Several clinical challenges are commonly encountered in the delivery of inpatient treatment for eating disorders. Ambivalence regarding treatment goals and, relatedly, the management of persistent eating disordered behaviors, including restriction of dietary intake and post-meal purging may be difficult for staff to negotiate. Therapeutic sessions should include discussion of motivations for behavioral change with particular focus on the factors that contributed to decision to seek treatment. Clinical programs generally have policies and procedures to help patients resist engaging in behaviors of illness. For example, supervision during and following meals aims to support and redirect patients around urges to engage in symptoms. Peer supervision and frank clinical discussions with all team members may be helpful to maintain consistency and avoid undue rigidity around clinical management decisions.

Patients with particularly limited insight into their illness may require involuntary commitment for some or all of their eating disorders treatment. Physician-certified or court-ordered treatment poses challenges for patients and for specialized staff. Staff may find it useful to consider the medical urgency of the clinical presentation and the life-sustaining elements of the treatment in their treatment planning. Sometimes, patients describe a sense of relief or acceptance that accompanies intensive treatment because of the perception that they “have to” eat or “have no choice” about the treatment components. Further, a study of hospitalized patients with eating disorders found at 2-week follow up, that 41% of patients with AN and 50% of patients with BN who did not endorse the need for hospitalization at the time of their admission converted to believing they did need admission (Guarda 2007). The challenge to staff includes helping patients connect with their motivations for improvement, however limited they may be.
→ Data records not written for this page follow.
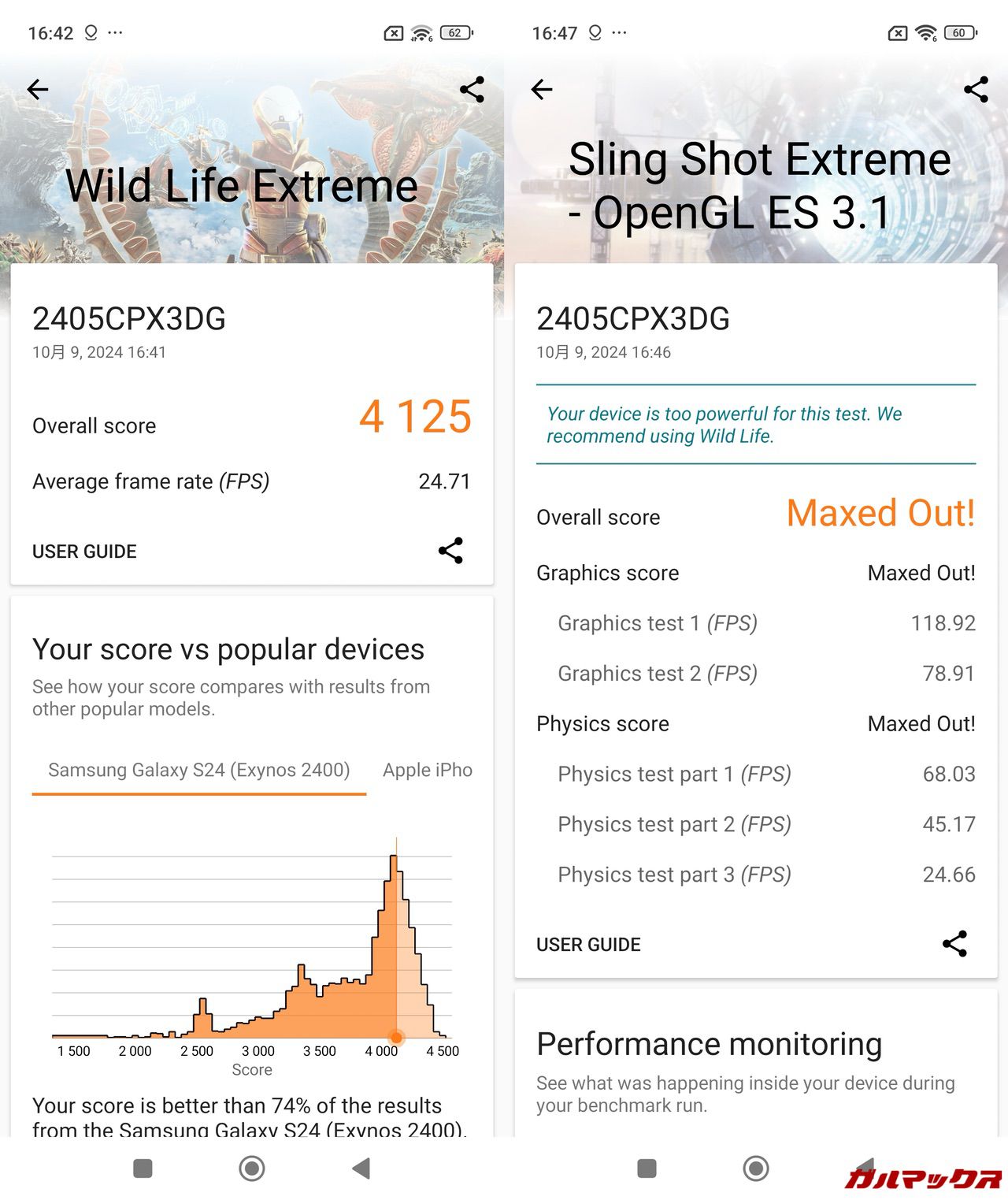 他のSnapdragon 8 Gen 3搭載機だと同じ条件で60FPS張り付きということも珍しくないので、Xiaomi MIX Flipは踏ん張りが少々弱い印象です。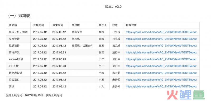 每次的大版本开发,最好对应有一个排期表(与开发沟通确认时间的安排),开发过程中,根据进度情况,适当调整时间安排。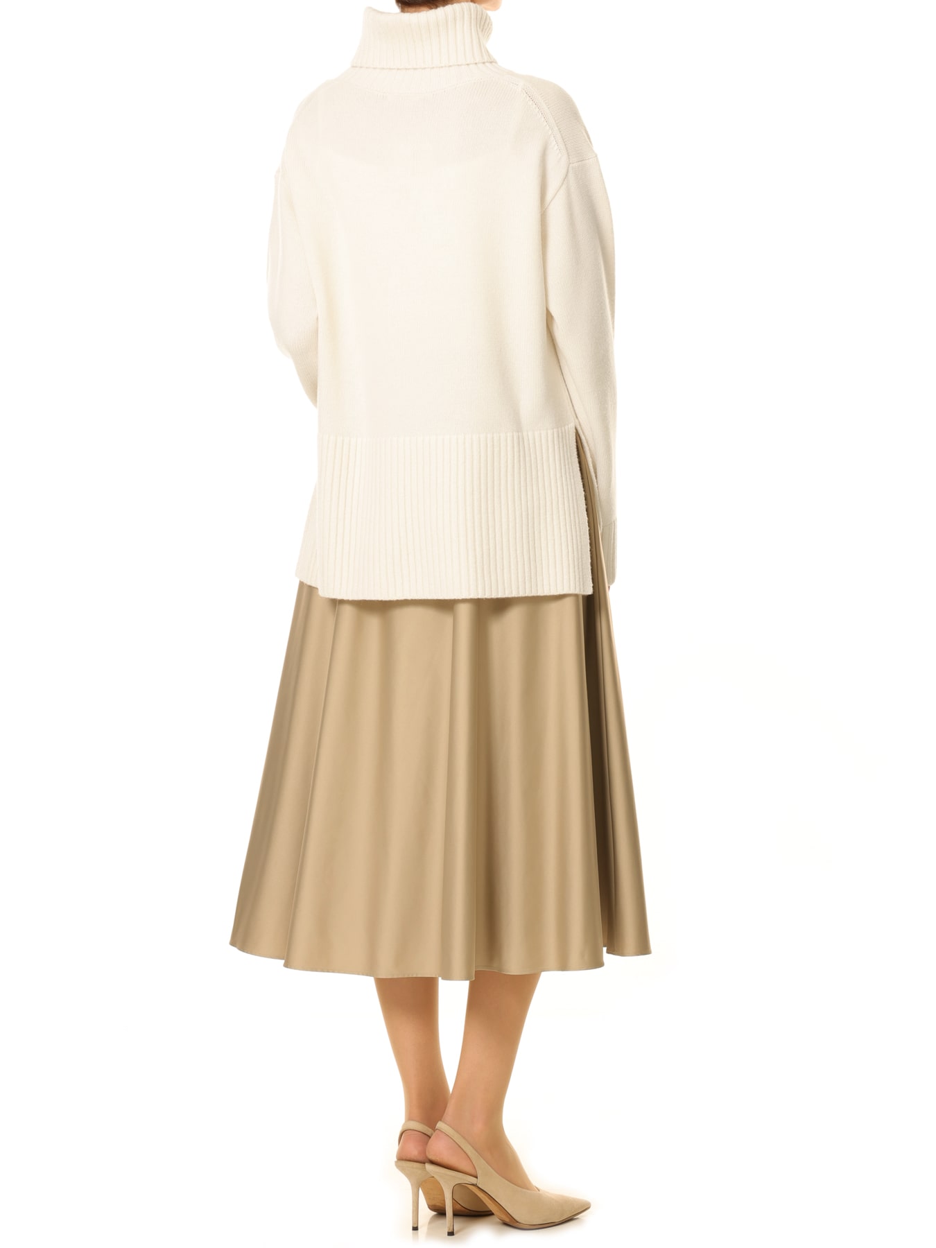ウールカシミヤ裾スリットタートルネックニット

Intensive treatment for eating disorders is a potentially useful program of care for individuals struggling with weight and eating disorder behaviors who need more structured treatment than what traditional outpatient interventions provide. Offered across a range of settings, intensive treatment may be an effective way to manage the serious psychiatric and medical features that may be associated with AN, BN or BED.

Evelyn Attia, MD, is Director of the Center for Eating Disorders at New York-Presbyterian Hospital. Dr. Attia is Professor of Clinical Psychiatry, Columbia University College of Physicians & Surgeons, Weill Cornell Medical College.

References

Attia E, Walsh BT. Behavioral Management for Anorexia Nervosa. N Engl J Med. 2009 Jan 29;360(5):500-6.

Guarda AS, Pinto AM, Coughlin JW, Hussain S, Haug NA, Heinberg LJ. Perceived coercion and change in perceived need for admission in patients hospitalized for eating disorders.Am J Psychiatry. 2007 Jan;164(1):108-14.

Smink FR, van Hoeken D, Hoek HW., Epidemiology of eating disorders: incidence, prevalence and mortality rates. Curr Psychiatry Rep. 2012 Aug;14(4):406-14.